Size Teşekkür Etmiyoruz Hakkımızı İstiyoruz!

“Memurlarımıza zaten gerekli ek artışlar yapıldı ve bu ek artışlardan dolayı memurlar bize teşekkür ediyor.” Bu sözler memur ve emeklilerin umutla ek zam açıklamasını beklediği Hazine ve Maliye Bakanı Nureddin Nebati tarafından birkaç gün önce dile getirildi.
Bakan Nebati bugün de “Asgari ücrete yüzde 50 zam yaptık, kamu görevlileriyle çok güzel bir anlaşma yaptık, şimdi sıra emeklilerde.
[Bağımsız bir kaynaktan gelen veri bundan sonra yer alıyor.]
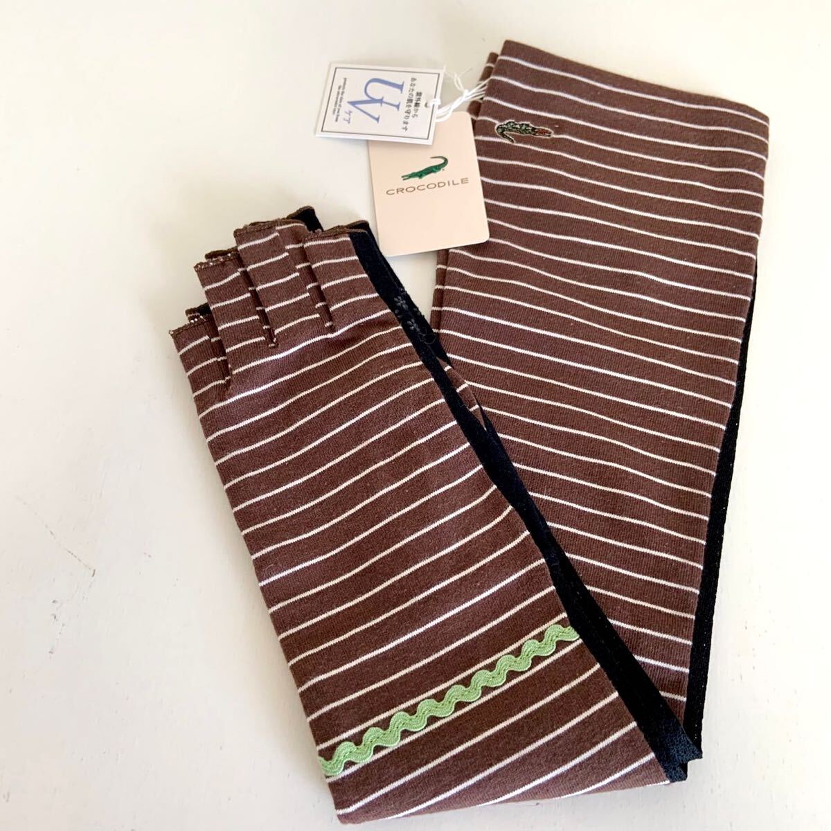 - 未使用 CROCODILE クロコダイル UVケア グローブ 指なし 指開き 手袋 綿100% レディース アームカバー UVカット 夏 紫外線対策 ボーダー柄

Onların da hakkını vermek lazım.” dedi.Her iki açıklamanın da ana fikri şu: Memurlarla çok güzel bir sözleşme yaptık (yüzde 5), ek zam da verdik (38 TL). Zaten bu zamlardan dolayı bize dönüp dönüp teşekkür ediyorlar.
Bakan beyin memurlardan kastı Memur-Sen Başkanı Ali Yalçın.
Toplu sözleşmede yüzde 38+600 TL seyyanen+yüzde 6 refah payı isteyip sadece 5+7’ye imza atan sonra da mahcup olma gereği bile duymadan imza attığı rezaleti “Bu zamana kadarki en karlı sözleşme!” şeklinde niteleyerek teşekkür için saraya koşan Ali Yalçın.
Memurun maaşında indirim yapan sözleşmeye imza atıp öğretmenin 4600 TL maaş almasına neden olmamış gibi bir hafta sonra yoksulluk sınırını 8.135 lira olarak açıklayan Ali Yalçın aynı zamanda.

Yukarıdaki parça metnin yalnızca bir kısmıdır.